Dror Bar-Natan: Classes: 2022-23: Fast Computations in Knot Theory: Homework 1

$ \def\bbN{{\mathbb N}} \def\bbQ{{\mathbb Q}} \def\bbR{{\mathbb R}} \def\bbZ{{\mathbb Z}} \def\calA{{\mathcal A}} \def\calD{{\mathcal D}} \def\calT{{\mathcal T}} $ © | Dror Bar-Natan: Classes: 2022-23: Fast Computations in Knot Theory:

Homework Assignment 1

Solve and submit the following problems.

Problem 1.

Prove that the Jones polynomial satisfies the "skein relation" in the figure below.
Show that this skein relation, along with the value of $J$ on the unknot, determine $J$. Phrase your answer as "here is an algorithm to compute $J$ on any knot/link, using only the skein relation and the value on the unknot".

Problem 2. Rather than fixing the Kauffman bracket by using a writhe counter-term, it is tempting to evaluate it at $A=e^{\pi i/3}$, where invariance under R1 holds with no need for a correction.
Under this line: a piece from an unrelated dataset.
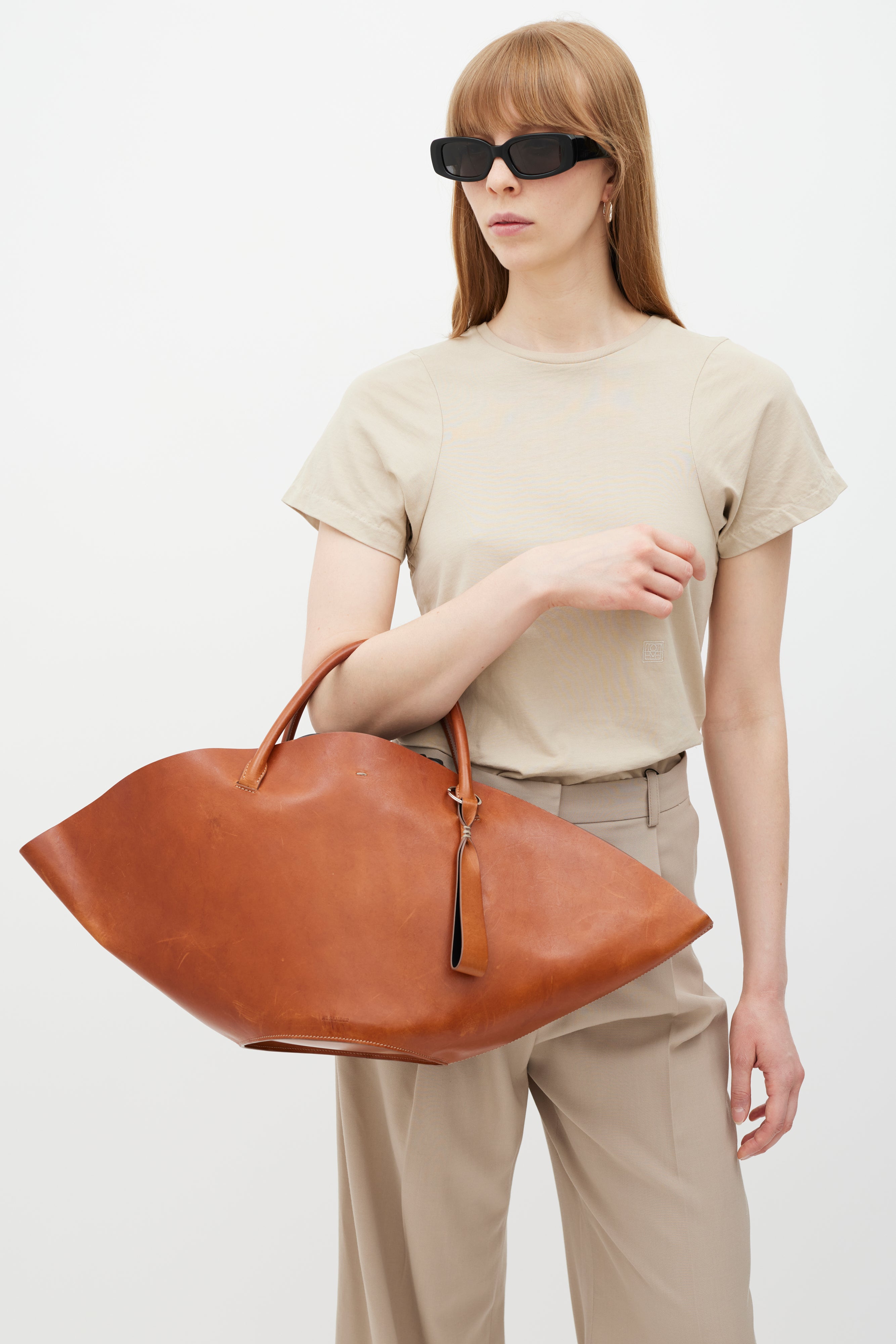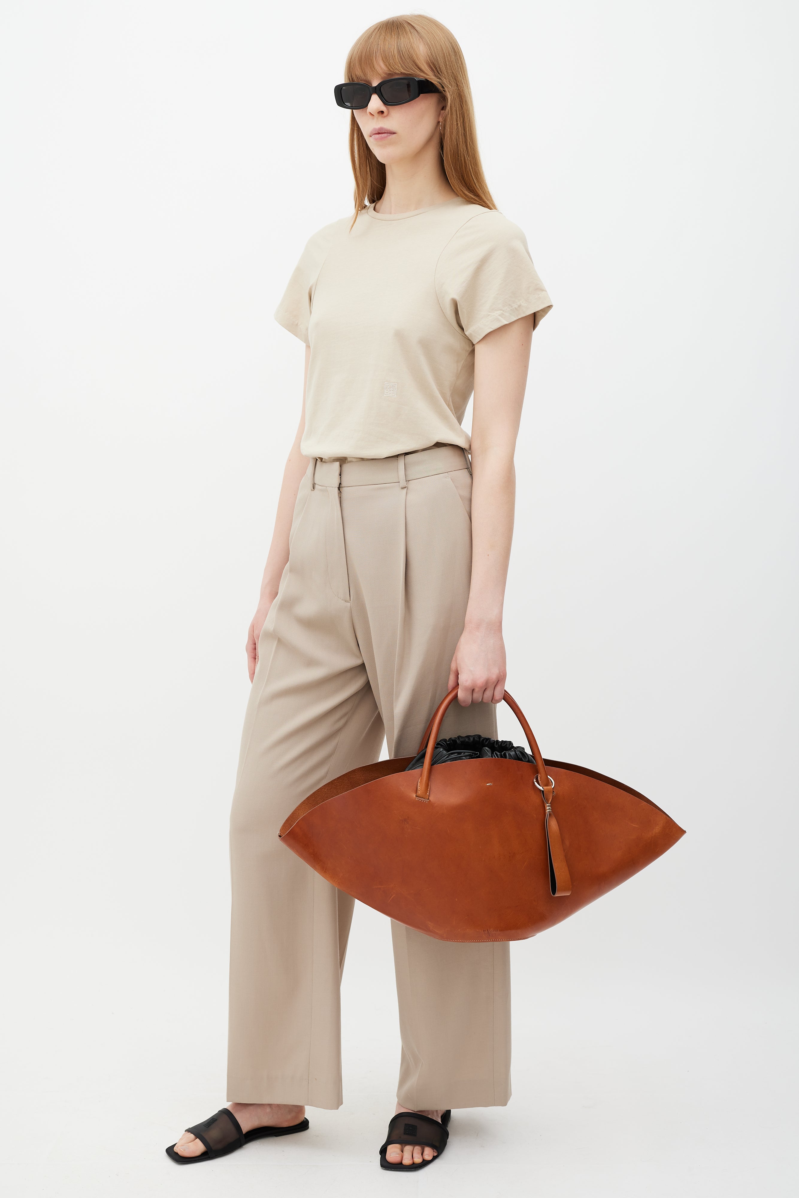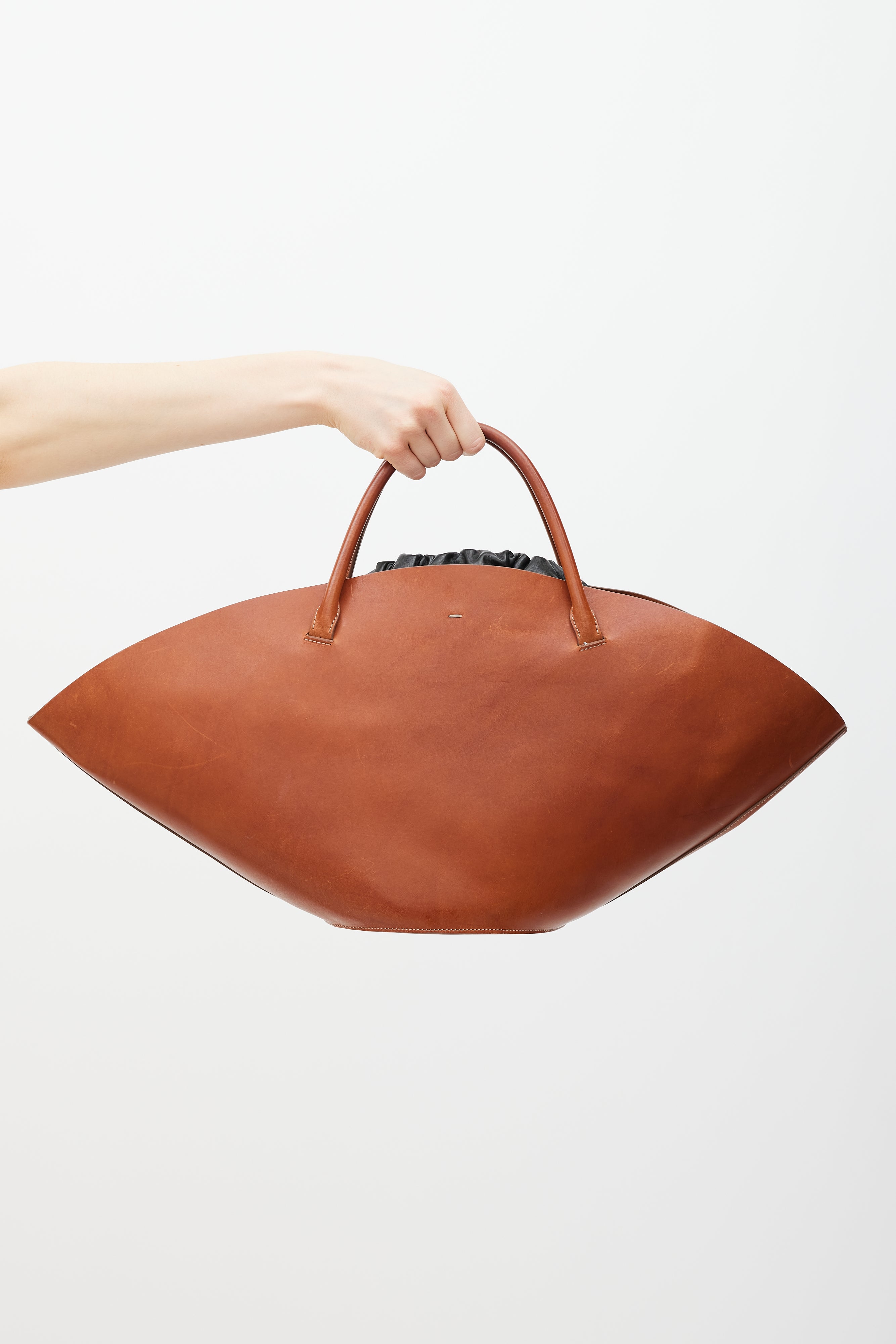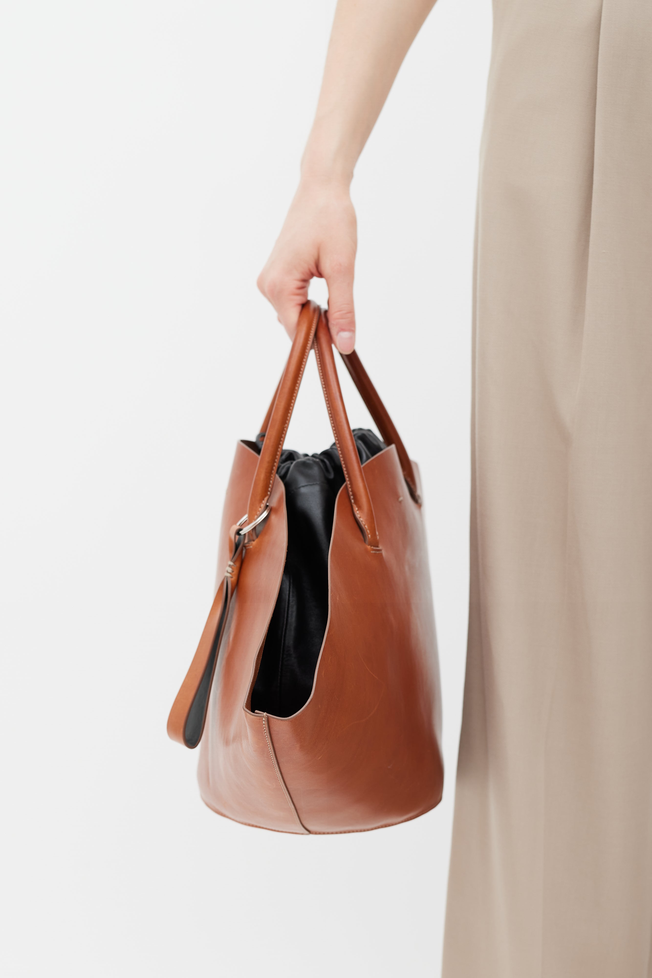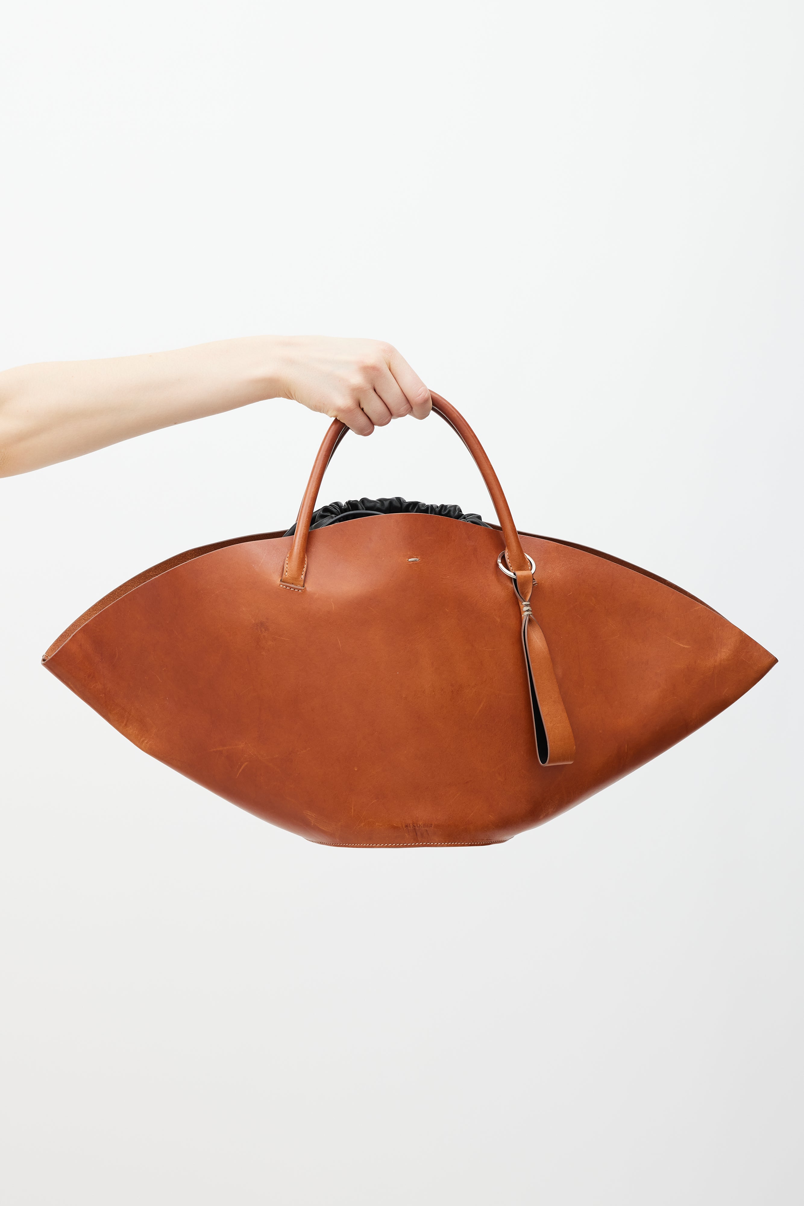 Pre-owned Jil Sander Sombrero Tote bag featuring a brown leather outer body, silver tone hardware, beige contrast stitching throughout, wide top opening, dual rolled top handles, keyring with leather tab, top hook closure, and detachable black leather insert with top drawstring closure and bottom snap button fastenings.

Unfortunately, at $A=e^{\pi i/3}$ the Kauffman bracket of any knot is equal to 1. Prove this.

Problem 3. Prove that the PD notation of a knot diagram determines it as a diagram in $S^2$. (This one is tough. Don't feel too bad if you don't succeed).

Problem 4. Use the programs we wrote in class to compute the Jones polynomial of the Conway Knot:

An excellent solution will include a printout of the Mathematica notebook in which you carried out the computation.

Due date. This assignment is due on Monday July 3 at 11:59pm. Submission is on Google Classroom.